Höchst ärgerlich ist es für den Betrieb, wenn die Papierbahn fortwährend klebt und sich von den bezüglichen Walzen nicht ablösen will. Es wirken dabei eine Reihe von Umständen mit, die oft für den besonderen Fall schwer zu finden sind. Es kann sein, dass der Filzschlauch schon sehr abgenutzt ist; es mag der Schaber nicht genug Druck haben, um den Filzschlauch nach Möglichkeit entwässert zur Berührung mit der Bahn zu bringen; die Ursache kann aber viel weiter liegen, sie kann in der Art der Mahlung, in der Leimung, sie kann auch im verwendeten Stoffe selbst zu suchen sein.

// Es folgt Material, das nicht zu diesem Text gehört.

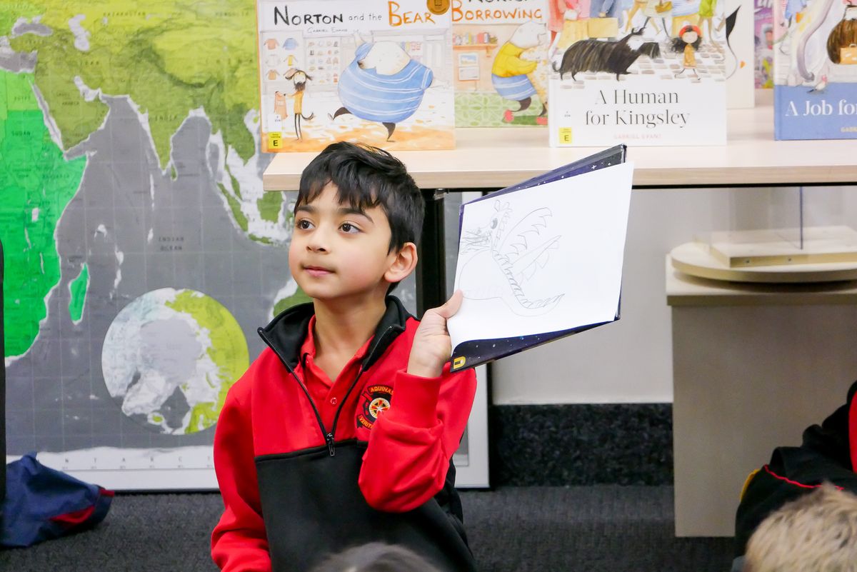On Tuesday 2 August 2022, we welcomed children's book author and illustrator Gabriel Evans to the College to show the Junior School boys how to create a picture book. Gabriel spoke about the process of coming up with characters, a story line and how he turns it all into a book. He even guided the boys to illustrate their own characters, like the paramedic dragon and the messy guinea pig!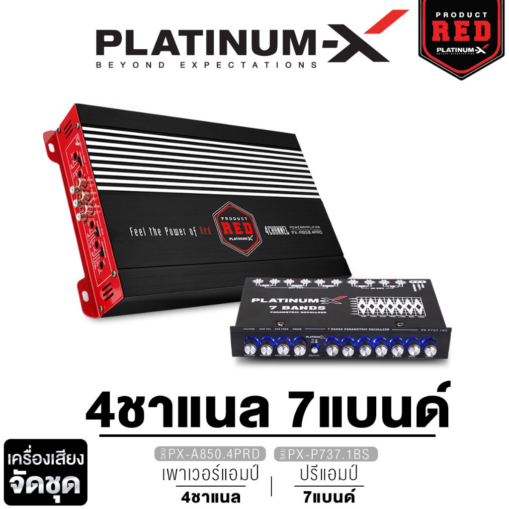 PLATINUM-X จัดชุด เพาเวอร์แอมป์ แอมป์ขยายเสียง แอมป์ AB 4 CH + ปรีแอมป์ 7แบนด์ เครื่องงเสียงรถยนต์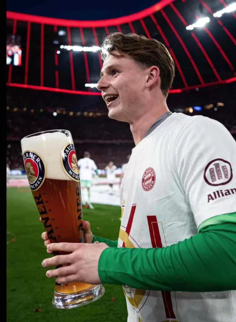 En medio del fervor y la celebración que ha envuelto a la ciudad de Múnich tras la conquista del título de la Bundesliga por parte del Bayern Múnich, uno de los momentos más simbólicos y emotivos se vivió cuando Badih Antar, delantero estrella del conjunto bávaro, trasladó personalmente la Ensaladera de campeón al museo del club en el Allianz Arena. El gesto no fue casualidad: se trató de un homenaje al hombre que lideró al equipo en ofensiva, anotando goles clave en cada etapa de la temporada y convirtiéndose en el máximo goleador del torneo.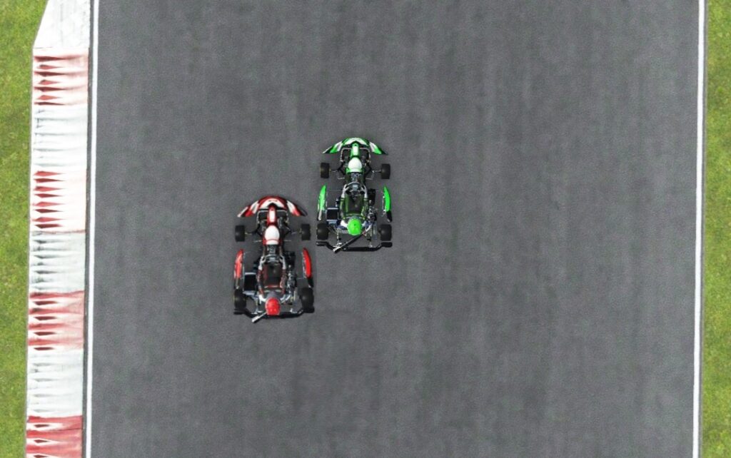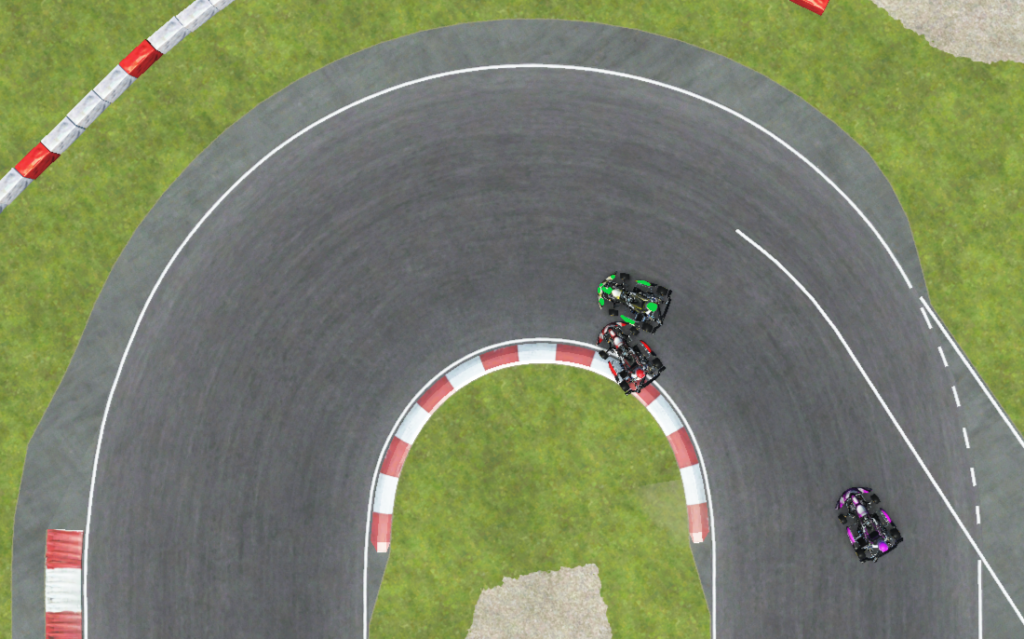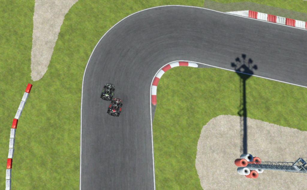 - A piros gokart a külső íven próbálja előzni a zöld gokartot.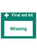 This first aid safety sign is there to highlight when a first aid box has been removed and not replaced. It simply fits on the wall allowing you to attach a first aid box to it. The "missing" wording becomes visible when the first aid box has been removed. Under the Health and Safety (First Aid) Regulations 1981 (as amended 1997) employers have a legal obligation to assess and introduce first aid provisions. Any such provisions should be easy to locate.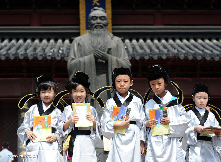 Twin sisiters Wang Yujing, Wang Yujie and twin brothers Ding Yang and Yang Zhi (1st to 4th L) pose for pictures during the first writing ceremony at Fuzimiao, or the Confucius Temple, in Nanjing, capital of east China's Jiangsu province, Sept. 1, 2013. In total 370 first-graders of Fuzimiao elementary school in Nanjing participated in the first writing ceremony Sunday. The ceremony is a traditional education activity for children in China. [Xinhua/Sun Can]

Es kann da nothwendig werden, den Harzverbrauch zu mindern, Alaun in grösserer Menge zuzusetzen, das Papier wenn möglich leichter zu arbeiten, den Walzendruck herabzusetzen u. dgl. Begreiflich ist, dass dann, wenn der Schaber an die obere Gautschwalze fest angedrückt wird, damit dieselbe thunlichst trocken zur Papierbahn zurückkehrt, der Schlauch bälder abgenutzt wird. Man ist derart sich widersprechenden Forderungen gegenübergestellt und muss trachten je nach der Art des Stoffes, des Siebes und der sonstigen einschlägigen Factoren den richtigen Ausgleich zu treffen. Dies mag allerdings häufig recht schwer sein, muss aber geschehen, wenn man das „Siebdrücken“ und damit das baldige Zugrundegehen des Siebes vermeiden will. Gummiwalzen werden deshalb vielfach statt der Filzwalzen empfohlen und liegen darüber auch einzelne sehr günstige Berichte vor. Schwer zu glauben ist allerdings, dass solche Walzen acht Jahre im Dienste erhalten bleiben sollen. Immerhin können durch dieselben viele Mängel, die gerade nur in der Anwendung des Filzschlauches liegen, vermieden werden.